17 June 2008

movies & dancing

Posted by admin @ 18:05 pm    categories: Argentina

1. This is bloody amazing. It’s a cartoon by this guy named Ryan Pequin called “The Walk.” I know nothing more about the guy. I mean, apparently he’s a Canadian and a webcomic kid, but beyond that — I was just linked there.

Also fantastic is the song “Kilkelly, Ireland,” which you can listen to via youtube (which tells me this version is song by Robbie O’Connell and the Clancy Brothers), and which is amazingly sad. Brendan Dutch played it (via youtube or a CD) to my folklore class, and I was writing a poem today that was sort of chanelling it, so I went and found the song. I almost remembered the name, but was thinking Kilkenny, rather than Kilkelly, and so I had to look it up in my old journal.

2. Movies. At MALBA.

Saturday night I went to see The Rocky Horror Picture Show, which you should check up on via wikipedia if you’ve never heard of. (Woah, syntactical incongruity!) For my first time ever seeing it in theatres, I was alone, the majority of the audience had never seen it, and there was neither a floor show nor call back lines. It was a pretty strange experience to hear people actually laughing at the movie. It was subtitled in Spanish, of course, which was similarly strange — not because the translations were bad (although they were certainly funny on occasion; they were off the internet, and I think they were good, but not great), but because the subtitles made me realize that there were actually pointed where in the past I had never had any clue what was being said, but had just sort of brushed over it. I was tempted to call out callbacks on occasion, but I figured that the kids in the theatre wouldn’t understand either the English or the reason behind it, and would just be mad. Anyway, it was fun.

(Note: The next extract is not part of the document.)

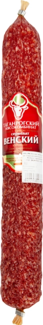 Сырокопченая колбаса Сервелат Венский – фирменный продукт с мелкими кусочками шпика и неповторимым изысканным вкусом.
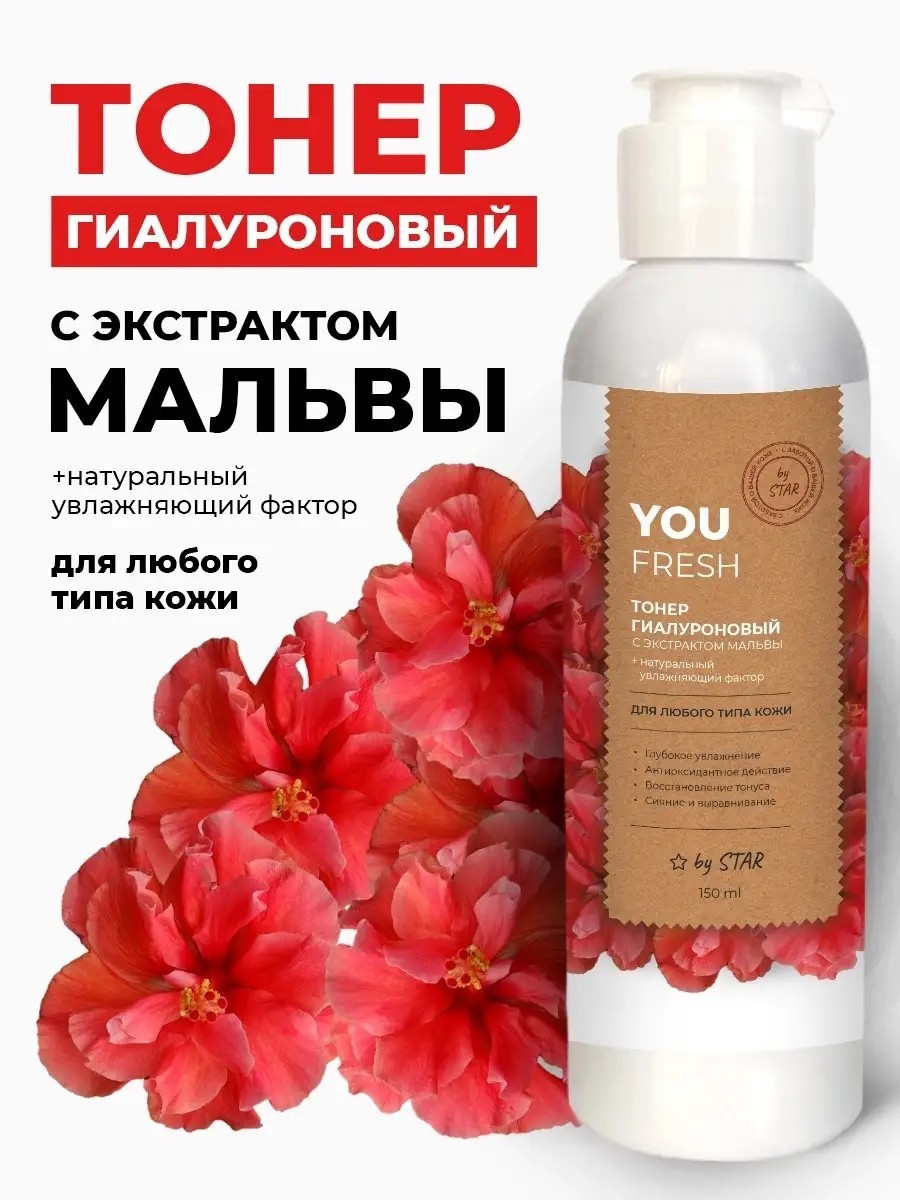 Тонер на каждый день "YOU FRESH" – глубокое увлажнение с экстрактом мальвы вашей кожи! Увлажняющая концентрированная формула, для любого типа кожи, на основе гиалуроновой кислоты трех фракций с экстрактом мальвы и натуральным увлажняющим фактором.

Sunday I structured my day around Vincent Gallo’s visit to MALBA. I got to the museum by noon, waiting on line for maybe ten minutes, and then received a ticket to his talk that evening. Then I wandered around Recoleta (went to the cemetary, had lunch and coffee, and so on), before returning to MALBA by 16:00 for “Buffalo ’66,” Gallo’s critically-aclaimed first film. I wasn’t really expecting it to be either good or interesting, but it was both. I loved the colors of the film (apparently that has to do with the film it was shot on), and the characters were intriguing and reasonably deep. Gallo plays a man who made a losing bet he had to default on, and ended up spending years in jail as payback to the bookie. On getting out of jail at the film’s beginning, he kidnaps a young dancer (Christina Ricci, who plays the part at 17), and takes her to his parents’ home to pretend to be his wife. In the process, we meet his lunatic parents (Anjelica Huston plays his mother), learn about why he was in jail, and learn that he wants to kill the guy who technically lost him the bet — the football field goal kicker from the Buffalo Bills.

In any case, “Buffalo ’66″ ends up being well-done, and while you don’t like Gallo at the end of it (I didn’t, gah he was annoying), I found him at least somewhat intriguing, and I guess I wanted things to work out. I felt like I’d heard the story before (not in the sense that it was unoriginal, but literally I think I’ve heard it before in another form), so maybe that had something to do with my enjoyment of it.

Afterwards, I went and had a coffee. They screened “The Brown Bunny,” Gallo’s second film (he’s acted a lot, but he’s only directed two), but I didn’t have a ticket, and they gave the last ones away while I was talking to my father, and they didn’t let me sneak in.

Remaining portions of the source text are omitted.